Now he advanced with a certain feeling of enforced intemperance upon a prospect of superabundant beauty. The great noontide heat was become a salt memory, to be tasted only for emphasis of the bouquet of that velvety wine of air that poured from the heights. Distant hills ran along an amber sky, like the shadows of nearer ones. Far away a jagged keep surmounting a crag stood out, deep umber, from a basin in the valley brimming with blue mist. Closer at hand a marrowy white stream, sliding noiseless over the crest of a slope silhouetted against the northern vaults, seemed the very running band drawn from the heavens to keep the earth spinning. The grasshopper shrilled in the roadside tangle; comfortable doves, drowsing amongst the chestnut leaves, exchanged sleepy confidences.

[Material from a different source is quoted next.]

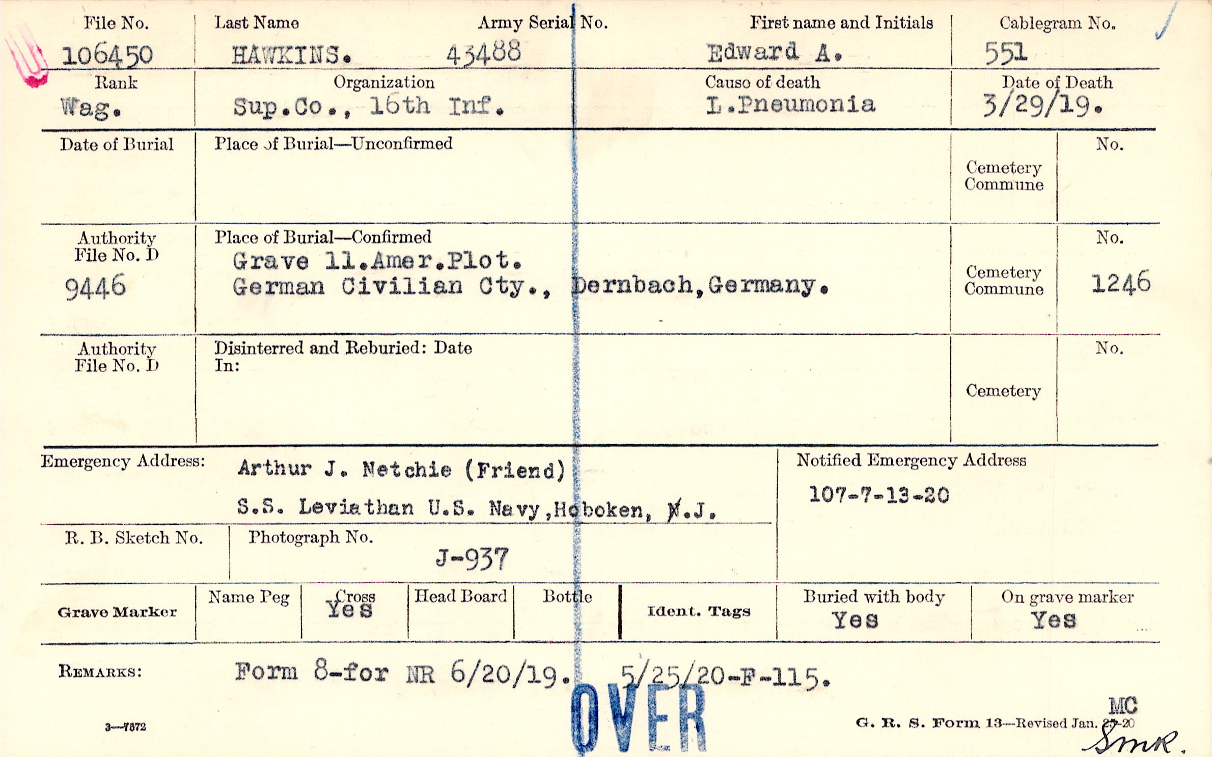 Arthur J. Netchie (Friend), S.S. Leviathan U.S. Navy, Hoboken, N.J.

Sometimes the clap of a cow-bell, sometimes the hollow call of a herdsman, thrilled the prosperous calms of light as a dropped stone scatters a water image. These were the acuter accents on a tranquillity that no thought could wound.

At last, when the sun flamed upon the horizon like a burning house of the Zodiac, the traveller came through a deep wood-path upon the village he sought, and was glad to see dusk mantling its gables and blotting out the red lights of the open valley in which it lay.